Most important, although the costs of solar panels and wind machines are falling, so is the cost of natural gas, the fossil fuel of choice of electric utilities. It has plunged from a peak of almost $12 per thousand cubic feet in 2005 to a bit more than $3 today. The American Council on Renewable Energy notes that the growth in investment in renewables is likely to come to a screeching halt in 2017: When the full impact of the end of subsidies is felt, that investment will plunge by 73 percent, according to a study by Bloomberg New Energy Finance. And if solar subsidies expire at the end of next year as now scheduled, solar photovoltaic installations are forecast to drop 46 percent. The Economist sums it up: “How far renewable energy can develop without further subsidy is one of the world’s hottest questions. It will surely need to become a lot more economic if the world is to stop using fossil fuels by 2100.” And more environmentally friendly. Massive solar installations gobble huge quantities of land and fry unsuspecting birds, incinerating one every two minutes in the case of the $2.2 billion (backed by $1.6 billion in government loan guarantees) BrightSource solar plant in California’s Mojave Desert, according to the Fish and Wildlife Service.

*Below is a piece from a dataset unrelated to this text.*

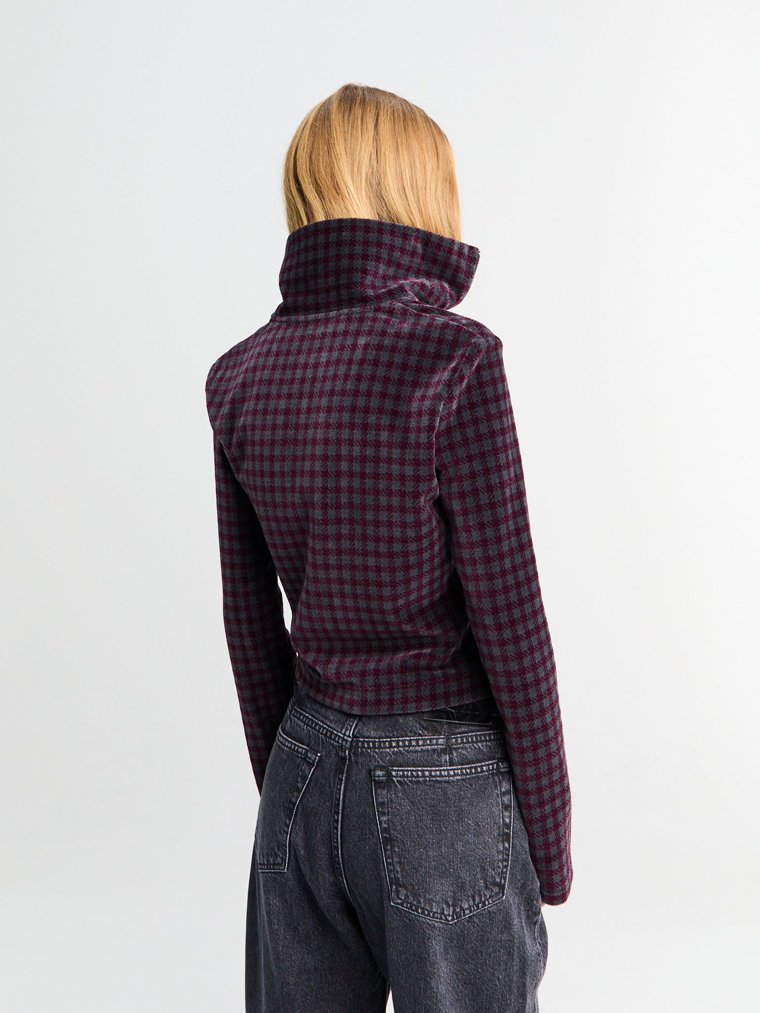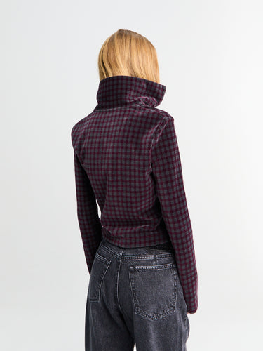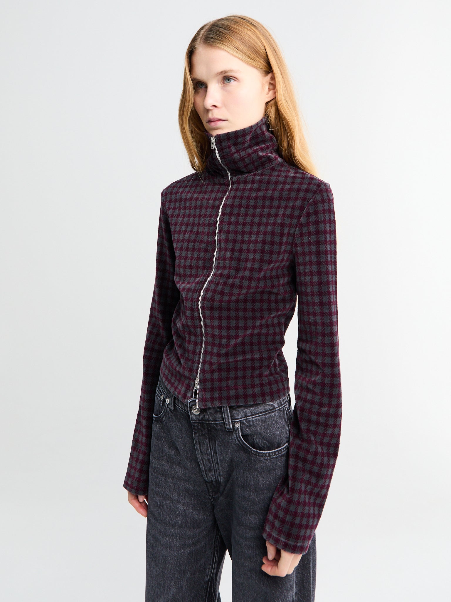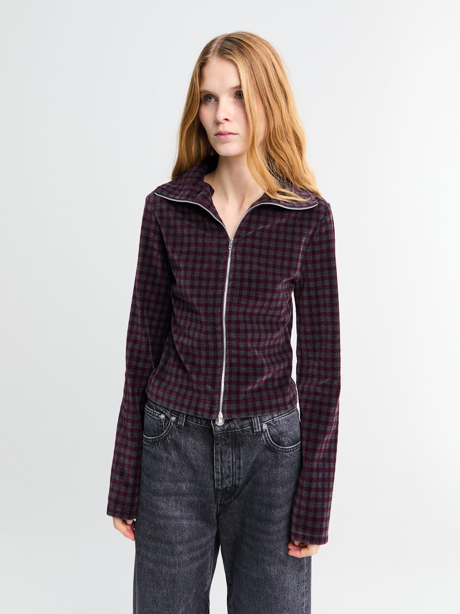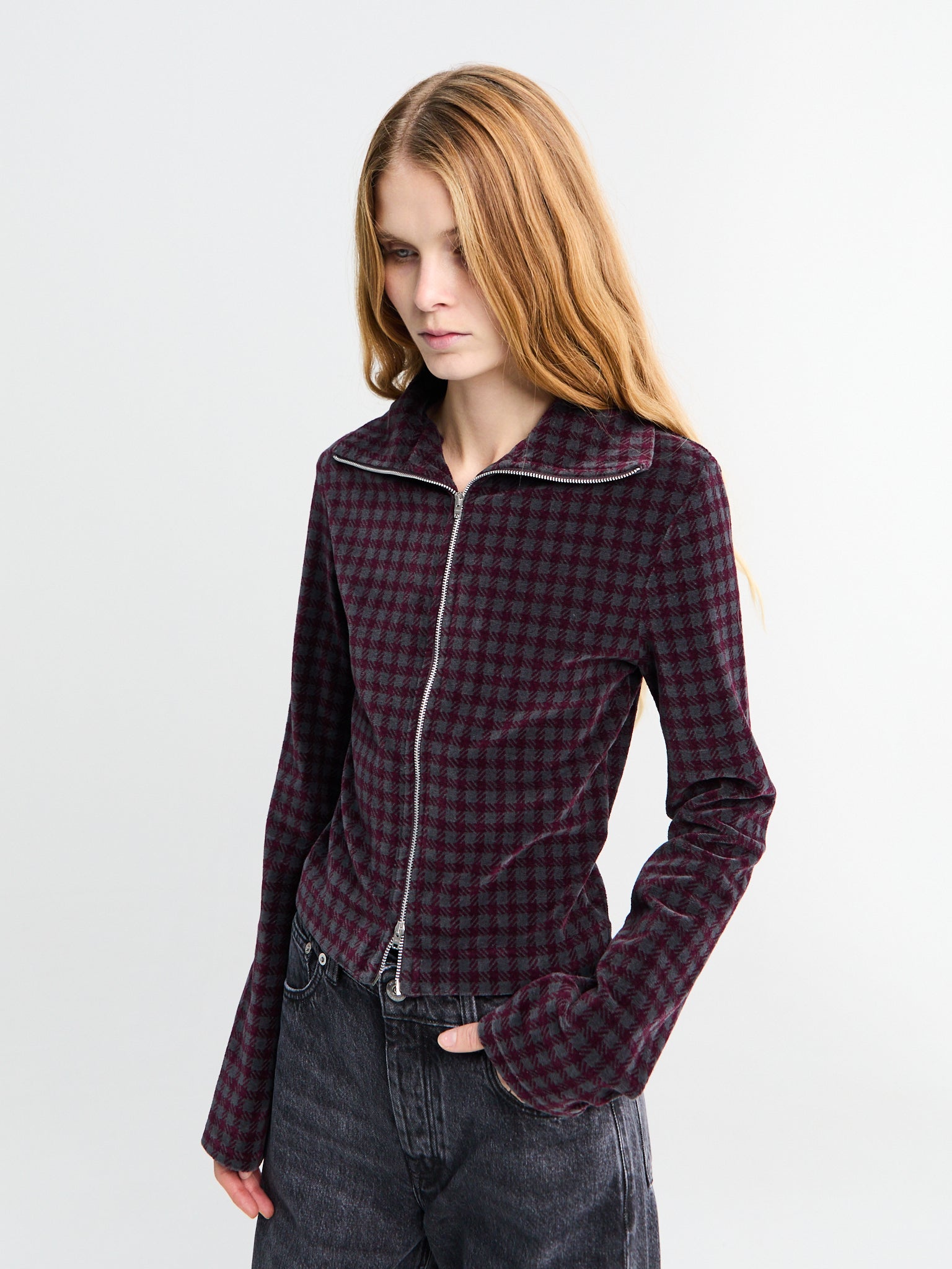 Slim Zip Longsleeve in Merlot Houndini Check Velour

My guess is that when the unenforceable political promises made in Paris collide with slow growth, the high cost of renewables, the difficulty of persuading voters with stagnant incomes to pay now for difficult-or-impossible-to-measure benefits in the far distant future, and the low cost of natural gas and oil, it is the political promises that will be reexamined.

But that does not mean the Paris conference is doomed to failure. It has already accomplished some of its goals. It has established a process for coordinated international action to reduce carbon emissions. It has forced countries to at least describe a plan to contribute to reducing their emissions. It has helped those who want to make the case for still further action to do just that. These successes, and polls showing that the vast majority of voters favor reducing emissions and a revenue-neutral tax to accomplish that objective, should persuade conservatives that, whatever their pique at a president who derides them as “deniers” of a “settled science” and says they threaten national security—climate change being a greater danger than ISIS—they cannot simply stand in front of the environmental express train and yell “Stop!” Moreover, conservatives can now see the cost of opposing prudential market-based solutions—creation of a costly and inefficient regulatory regime that vastly expands the reach into, and the power of government over, perhaps the most important sector of our economy. Pressures on Paris promises will create an opportunity to reconsider how those promises are to be redeemed.

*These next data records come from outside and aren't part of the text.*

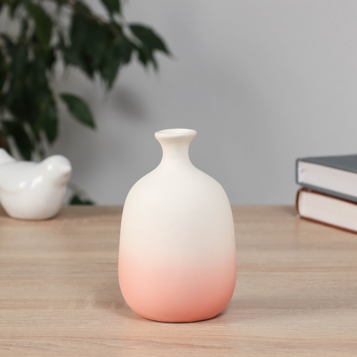 Ваза керамика настольная "Хайди" бутыль, 12х7 см, бело-розовый
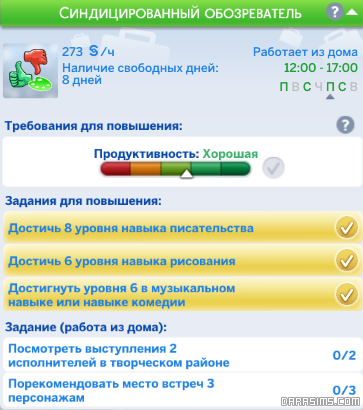 Обратите внимание, что при трудоустройстве, вашему симу автоматически будет предложено ежедневное задание «Упражняться в писательстве». Принимать его не обязательно, но оно может немного повысить продуктивность вашего сима и подготовить его к следующему рабочему дню.
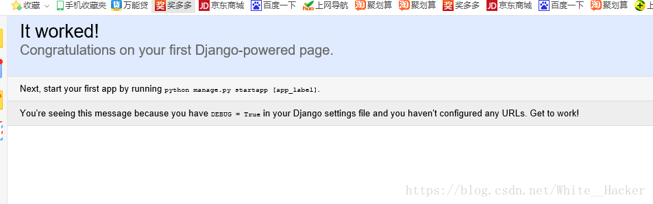 第八步:启动django(一定记住,在你所建的项目目录下启动)
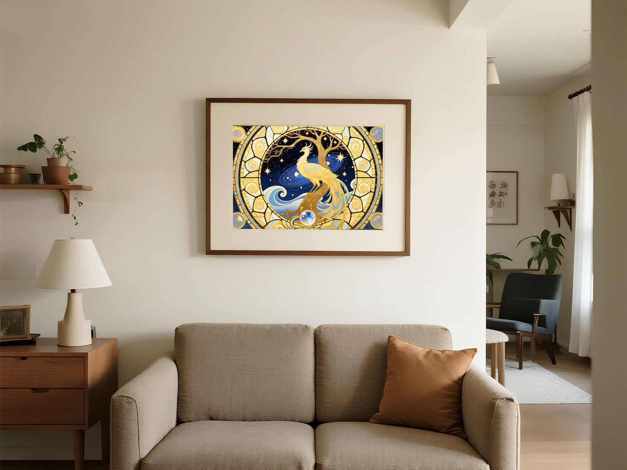星々に包まれた宇宙の中で輝く、黄金の鳳凰のデジタルアートで空間に天の調和をもたらしましょう。
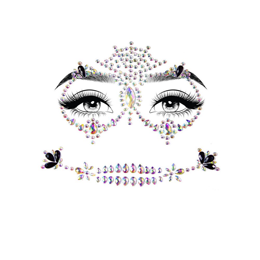 Adhesive face jewels sticker. Easy to apply; loosen the jewel from the backing and place on the desired spot on the skin and apply medium pressure. No glue needed. Tested and bodysafe.
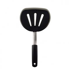 Utensils & Sets - With a simple twist of the wrist, the OXO Flexible Silicone Pancake Turner flips pancakes, crepes and other delicate foods without tearing. With its blend of strong stainless-steel and flexible high-heat resistant silicone, the pancake turner offers thin, flexible edges that glide easily under foods, including fragile eggs and hash browns or burgers and chicken filets, keeping foods in one piece. Flat silicone head cuts soft foods right in the pan without scratching cooking surface. The silicone outer layer is heat resistant to 600 F and safe for nonstick cookware and bakeware. The silicone is bonded to a flexible stainless-steel core for added stability. The silicone utensil offers a comfortable, nonslip cushioned handle grip. Dishwasher-safe. OXO is the leading kitchen tool supplier to the world's gourmet kitchens. Originally engineered to assist the inventor's wife with her arthritic hands, the Good Grips line in OXO kitchen tools is recognized by several national and international o - Specifications Material: stainless-steel, Santoprene, silicone Made in China Model: 1071533 Size: 5"L (11 3/4" with handle) x 6"W Weight: 5 oz. Use and Care Dishwasher-safe Silicone head is heat resistant to 600 F and safe for nonstick cookware and bakeware.
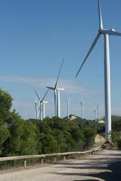 Keywords: wind farm windmills landscape wind turbine road tarragona spain
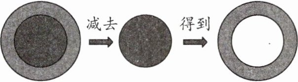 从一个较大的圆里面减去一个较小的同心圆,得到圆环。
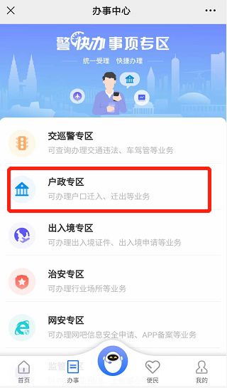 关注微信公众号“警快办”(或点此进入扫码关注),并实名注册认证。在“警快办”办事中心—户政专区—居民身份证(含临时身份证)业务内进行申请。
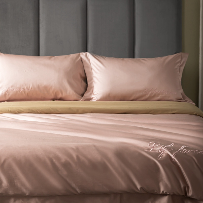 商品名称:太古汇 2020新款纯色双拼绣花四件套 萝莉粉
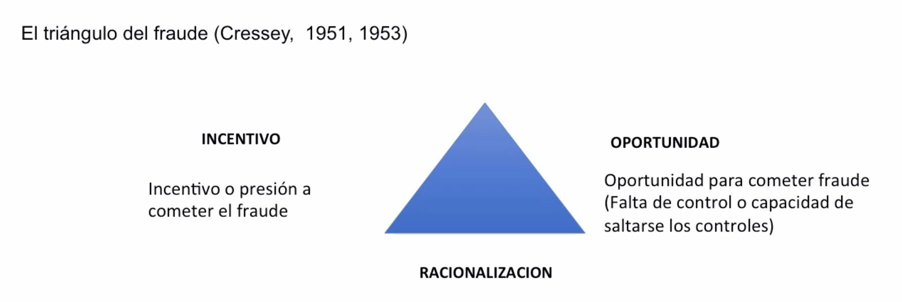 El triángulo del fraude cumple setenta años. Desde que fuera formulado por primer vez por el criminologo norteamericano Donald R. Cressey en 1951, se ha convertido en un clásico que se utiliza tanto en la investigación sobre la delincuencia organizada como en auditoría interna. Los tres lados son: la motivación (incentivo propio o externo), la oportunidad (deficiencias del control interno) y la racionalización (la actitud para justificar sus actos).

Time to take a deep breath, as Republicans did when supporting the use of markets to clean our air at minimal cost—to internalize externalities, as economists of all persuasions would have us do—and ask, “If there is even a slim chance that the globe is warming, and given the facts that a carbon tax makes it possible to stimulate growth by lowering marginal tax rates on businesses and workers, and that a $16 per ton tax, according to Jerry Taylor of the Niskanen Center, would add only about 16 cents per gallon to the plunging price of gasoline, which could be offset in whole or part by reducing payroll taxes, should we use the tax reform that may be in our future to replace the long arm of the EPA with an approximation of Adam Smith’s invisible hand?” That’s a long and loaded question, I know. But it does need answering.